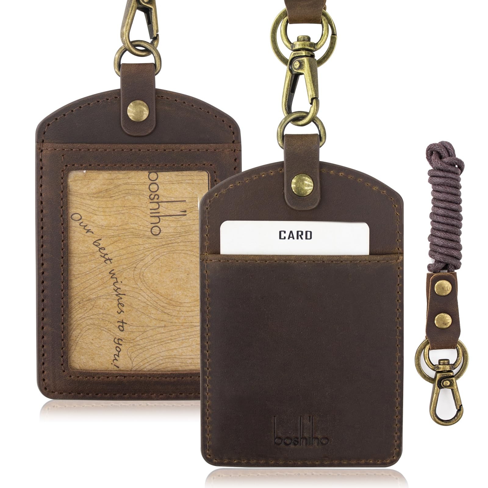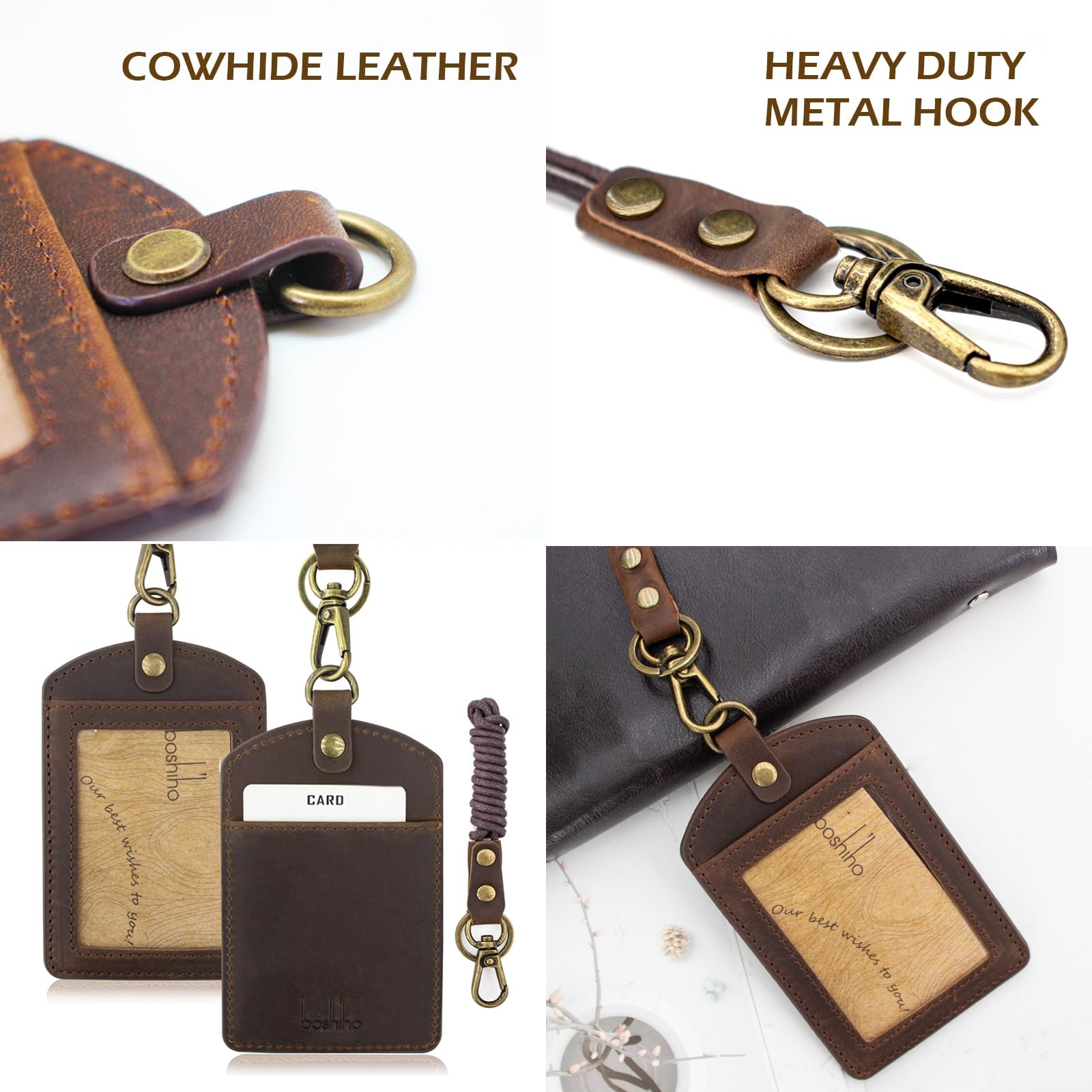 Badge Holder: Cowhide Leather ID Badge Card Holder with 19 Neck Lanyard, Verti
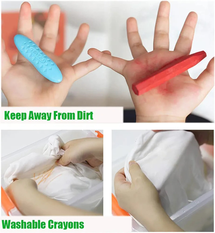 از ویژگیهای دیگر این محصول که دغدغه برخی والدین است ، پاک شدن از روی دیوار یا لباس است که به راحتی با آب و صابون قابل شستشو و پاک شدن است.
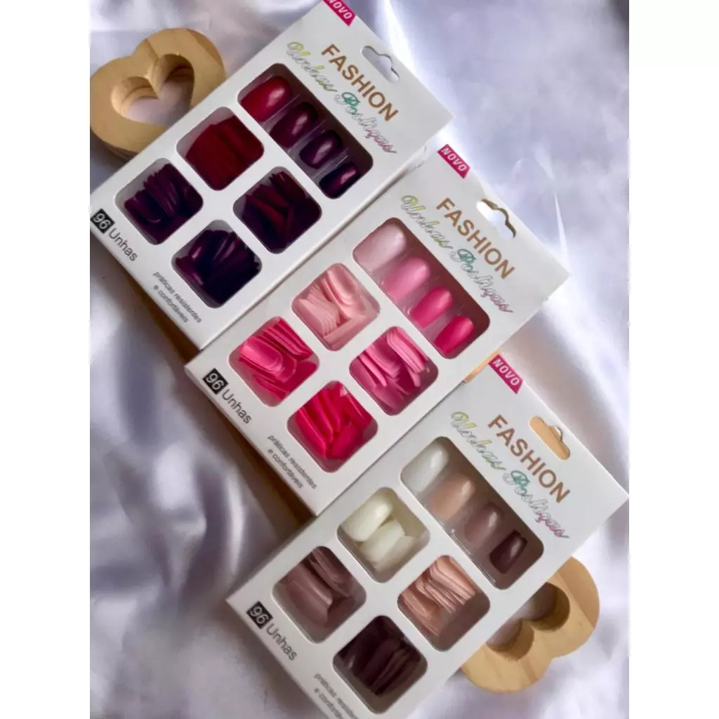 Conjunto de unhas de 96 peças vem em diversos designs e cores elegantes, adequados para todos os estilos e ocasiões.
================
◆ Instructions to follow ◆
Omit the pictures, then print the rest of the listing above exactly.

◆ Worked solution ◆
 Badge Holder: Cowhide Leather ID Badge Card Holder with 19 Neck Lanyard, Verti
 از ویژگیهای دیگر این محصول که دغدغه برخی والدین است ، پاک شدن از روی دیوار یا لباس است که به راحتی با آب و صابون قابل شستشو و پاک شدن است.
 Conjunto de unhas de 96 peças vem em diversos designs e cores elegantes, adequados para todos os estilos e ocasiões.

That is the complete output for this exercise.